• _PROBLEM DETAILS_
The copy must match the data below line for line and contain no images.

• _DATA SECTION_
----------------------------------------
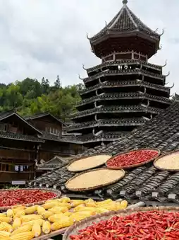 Here, autumn is synonymous with the warmth of daily life. The Dong people dry chili peppers and corn under eaves, with the "gilded" blue tiles and distant green mountains forming a unique painting. Wear a new Chinese-style cotton-linen suit in elegant bean green or moon white. At the drying racks in front of the drum tower, hold a bamboo basket as if picking crops, using side light to capture the texture of clothing and the color layers of the harvest. Afternoon often brings "passing cloud rain"; carrying an oil-paper umbrella can both shelter from rain and serve as a prop. Close-ups of raindrops falling on the umbrella add liveliness.
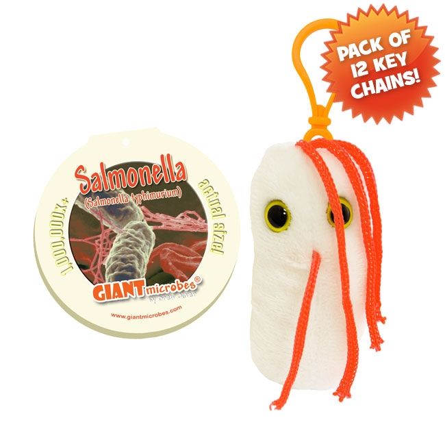 Pack of 12 Salmonella mini microbes (8cm) with mini-tag and key chain clip.
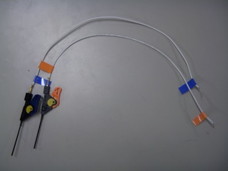 オシロのプローブで基板上のICの信号などを見ているとき、プローブだとつまみにくいところをつまみやすいようにクリップ(Sunhayatoの、本当は0.5mmピッチQFPの足もつまめるシロモノらしい)。やはり同じように色分け。あと反対側は、プローブでつまむように皮をむいただけだけど、もちろん半田メッキ。
----------------------------------------
• _SOLUTION BELOW_
 Here, autumn is synonymous with the warmth of daily life. The Dong people dry chili peppers and corn under eaves, with the "gilded" blue tiles and distant green mountains forming a unique painting. Wear a new Chinese-style cotton-linen suit in elegant bean green or moon white. At the drying racks in front of the drum tower, hold a bamboo basket as if picking crops, using side light to capture the texture of clothing and the color layers of the harvest. Afternoon often brings "passing cloud rain"; carrying an oil-paper umbrella can both shelter from rain and serve as a prop. Close-ups of raindrops falling on the umbrella add liveliness.
 Pack of 12 Salmonella mini microbes (8cm) with mini-tag and key chain clip.
 オシロのプローブで基板上のICの信号などを見ているとき、プローブだとつまみにくいところをつまみやすいようにクリップ(Sunhayatoの、本当は0.5mmピッチQFPの足もつまめるシロモノらしい)。やはり同じように色分け。あと反対側は、プローブでつまむように皮をむいただけだけど、もちろん半田メッキ。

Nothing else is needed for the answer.